- [WHAT IS EXPECTED]
Write out exactly, and only, the lines below from the line with "LIMAPULUH KOTA, METRO–Bupati" through the line with "ELABORACIÓN/CONSERVACIÓN: El proceso"; pictures do not belong in the copy.

- [DATA SUPPLIED]
════════════════════
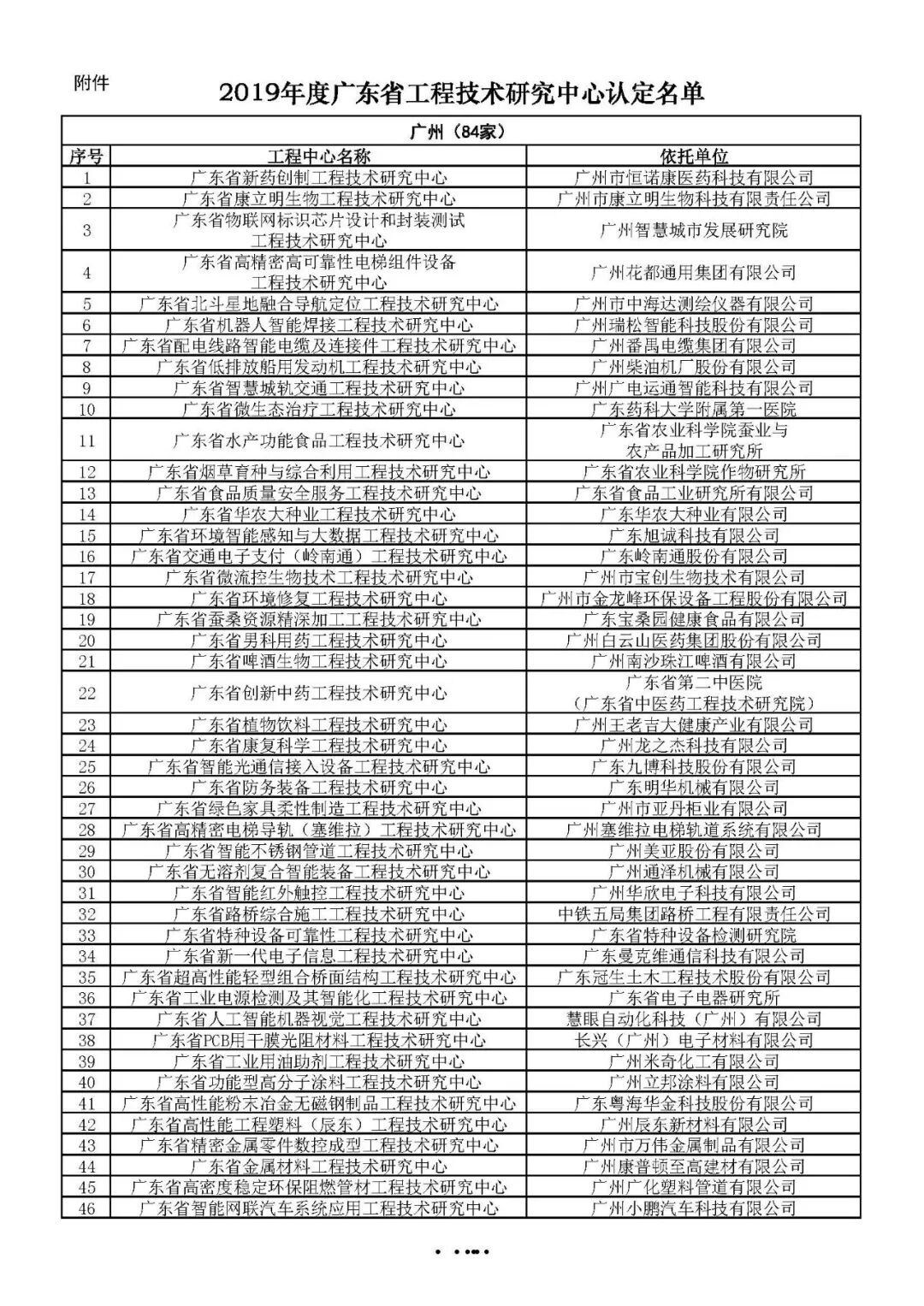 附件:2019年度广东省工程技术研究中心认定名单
════════════════════
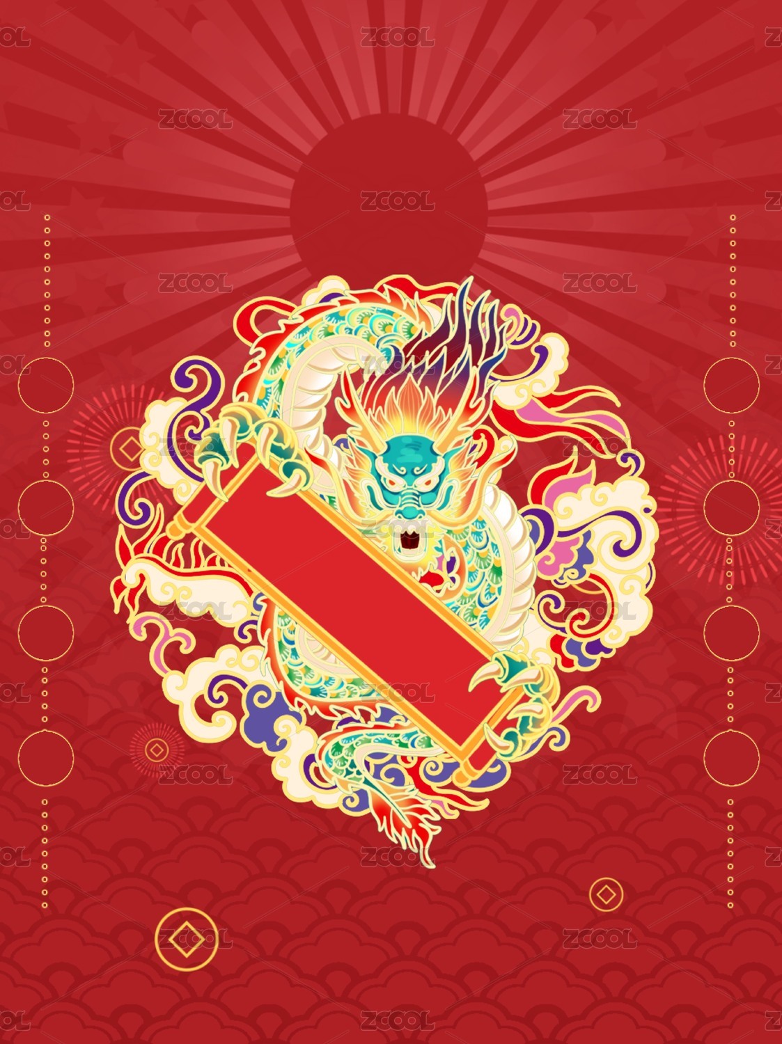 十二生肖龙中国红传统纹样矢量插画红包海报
════════════════════
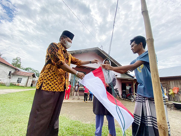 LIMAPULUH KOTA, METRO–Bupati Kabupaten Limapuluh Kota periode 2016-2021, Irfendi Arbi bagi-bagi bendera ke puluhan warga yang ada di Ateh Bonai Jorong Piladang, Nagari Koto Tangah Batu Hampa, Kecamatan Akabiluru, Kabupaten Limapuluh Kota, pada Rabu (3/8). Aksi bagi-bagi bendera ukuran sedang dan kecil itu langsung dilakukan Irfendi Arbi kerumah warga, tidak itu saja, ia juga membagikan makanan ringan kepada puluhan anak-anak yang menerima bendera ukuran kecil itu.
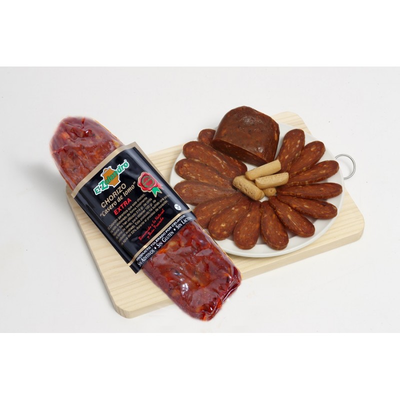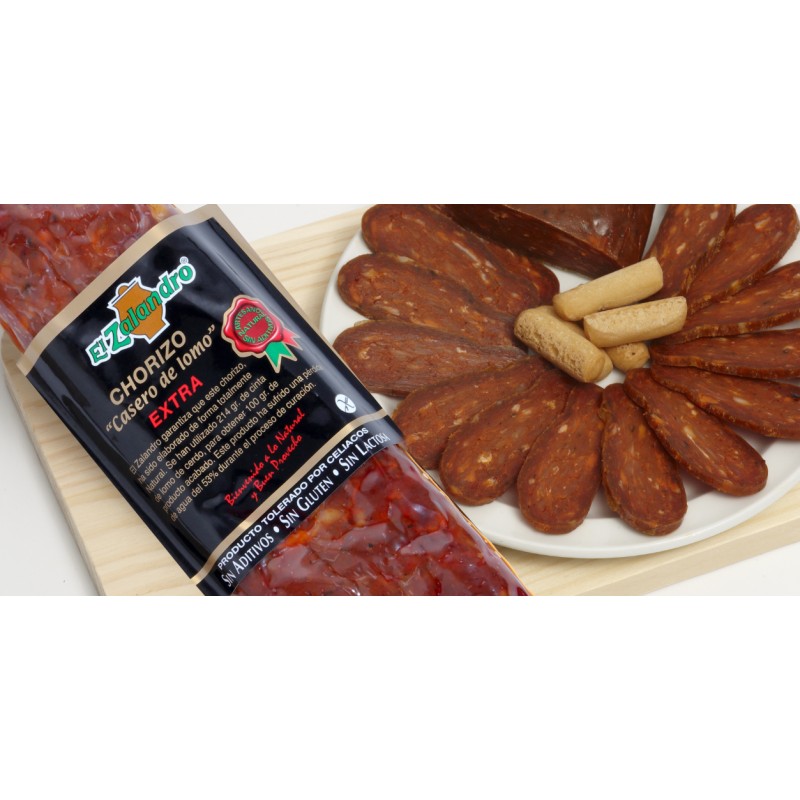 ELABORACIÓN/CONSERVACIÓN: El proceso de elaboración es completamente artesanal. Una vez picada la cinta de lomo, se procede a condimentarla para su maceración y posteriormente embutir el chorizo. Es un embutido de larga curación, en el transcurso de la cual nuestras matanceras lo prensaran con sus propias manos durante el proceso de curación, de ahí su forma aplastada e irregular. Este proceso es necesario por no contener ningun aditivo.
════════════════════
- [RESPONSE TO THIS TASK]
 LIMAPULUH KOTA, METRO–Bupati Kabupaten Limapuluh Kota periode 2016-2021, Irfendi Arbi bagi-bagi bendera ke puluhan warga yang ada di Ateh Bonai Jorong Piladang, Nagari Koto Tangah Batu Hampa, Kecamatan Akabiluru, Kabupaten Limapuluh Kota, pada Rabu (3/8). Aksi bagi-bagi bendera ukuran sedang dan kecil itu langsung dilakukan Irfendi Arbi kerumah warga, tidak itu saja, ia juga membagikan makanan ringan kepada puluhan anak-anak yang menerima bendera ukuran kecil itu.
 ELABORACIÓN/CONSERVACIÓN: El proceso de elaboración es completamente artesanal. Una vez picada la cinta de lomo, se procede a condimentarla para su maceración y posteriormente embutir el chorizo. Es un embutido de larga curación, en el transcurso de la cual nuestras matanceras lo prensaran con sus propias manos durante el proceso de curación, de ahí su forma aplastada e irregular. Este proceso es necesario por no contener ningun aditivo.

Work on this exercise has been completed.